A topic model takes a collection of texts as input. It discovers a set of “topics” — recurring themes that are discussed in the collection — and the degree to which each document exhibits those topics. Figure 1 illustrates topics found by running a topic model on 1.8 million articles from the New York Times. The model gives us a framework in which to explore and analyze the texts, but we did not need to decide on the topics in advance or painstakingly code each document according to them. The model algorithmically finds a way of representing documents that is useful for navigating and understanding the collection.
In this essay I will discuss topic models and how they relate to digital humanities. I will describe latent Dirichlet allocation, the simplest topic model. I will explain what a “topic” is from the mathematical perspective and why algorithms can discover topics from collections of texts.
I will then discuss the broader field of probabilistic modeling, which gives a flexible language for expressing assumptions about data and a set of algorithms for computing under those assumptions. With probabilistic modeling for the humanities, the scholar can build a statistical lens that encodes her specific knowledge, theories, and assumptions about texts. She can then use that lens to examine and explore large archives of real sources.
The simplest topic model is latent Dirichlet allocation (LDA), which is a probabilistic model of texts. Loosely, it makes two assumptions:
- There are a fixed number of patterns of word use, groups of terms that tend to occur together in documents. Call them topics.
- Each document in the corpus exhibits the topics to varying degree.
For example, suppose two of the topics are politics and film. LDA will represent a book like James E. Combs and Sara T. Combs’ Film Propaganda and American Politics: An Analysis and Filmography as partly about politics and partly about film.

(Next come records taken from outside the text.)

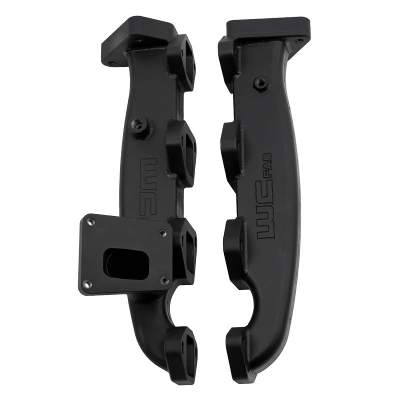 Billet Exh Manifold & Stainless Up Pipe KT w/ Gaskets & Hardware, 17-25 D-Max WCFab's 2017-2025 L5P Duramax Billet Exhaust Manifolds replace the restrictive factory cast parts with high-strength, TIG-welded high-flow billet steel components. These manifolds are exhaust port gasket matched and internally divided for optimal flow with OEM or ported cylinder heads. Outlet locations allow full compatibility with OEM style up pipes and are paired with WCFab's 2" Stainless High-Flow Up Pipes for optimized performance. Fully compatible with vehicle emissions system, these L5P Manifolds include the necessary sensor port and EGR riser flange. Includes new gaskets, ARP 12PT fasteners, and assembly lube for easy install. Finished in Black Ceramic Coat rated for 2000 deg F. Fully TIG Welded, CNC machined billet steel exhaust manifolds Finished in Black Ceramic Coat rated for 2000 deg F Includes new gaskets for manifolds & up pipes Includes ARP 12PT Fasteners and Washers 1/8 NPT port (and optional plug) included in driver side manifold for installation of EGT or drive pressure sensor
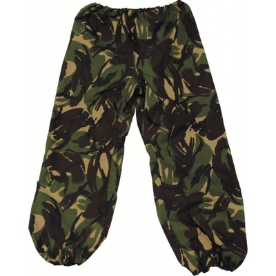 Originální britské vojenské nepromokavé kalhoty, laminát, DPM TARN, použité. Odolné proti oděru. Stahovací šňůrka v pase. Stahovací nohavice na gumičce.
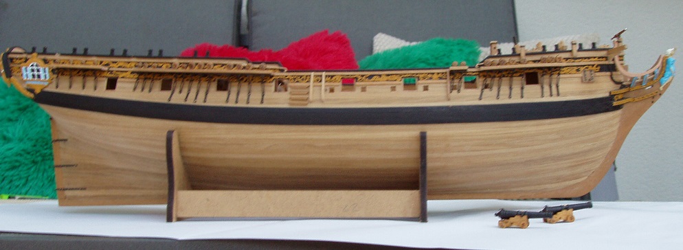 Prace trwają. Położyłem deski na pokładach i wewnętrznej stronie burt, zamocowałem oczka do mocowania lawet i położyłem pierwszą farbę. Przez oczka do tylnego mocowania lawet przykrytych już górnym pokładem przewlokłem nitki które posłużą później do wciągnięcia armat ze śródokręcia. Nie wiem jaka jest zasada przyjęta w modelarstwie czy lawety się wkleja czy pozostają mocowane tylko linami. Pozdrawiam Janek

We can use the topic representations of the documents to analyze the collection in many ways. For example, we can isolate a subset of texts based on which combination of topics they exhibit (such as film and politics). Or, we can examine the words of the texts themselves and restrict attention to the politics words, finding similarities between them or trends in the language. Note that this latter analysis factors out other topics (such as film) from each text in order to focus on the topic of interest.
Both of these analyses require that we know the topics and which topics each document is about. Topic modeling algorithms uncover this structure. They analyze the texts to find a set of topics — patterns of tightly co-occurring terms — and how each document combines them. Researchers have developed fast algorithms for discovering topics; the analysis of of 1.8 million articles in Figure 1 took only a few hours on a single computer.
What exactly is a topic? Formally, a topic is a probability distribution over terms. In each topic, different sets of terms have high probability, and we typically visualize the topics by listing those sets (again, see Figure 1). As I have mentioned, topic models find the sets of terms that tend to occur together in the texts. They look like “topics” because terms that frequently occur together tend to be about the same subject.
But what comes after the analysis? Some of the important open questions in topic modeling have to do with how we use the output of the algorithm: How should we visualize and navigate the topical structure? What do the topics and document representations tell us about the texts? The humanities, fields where questions about texts are paramount, is an ideal testbed for topic modeling and fertile ground for interdisciplinary collaborations with computer scientists and statisticians.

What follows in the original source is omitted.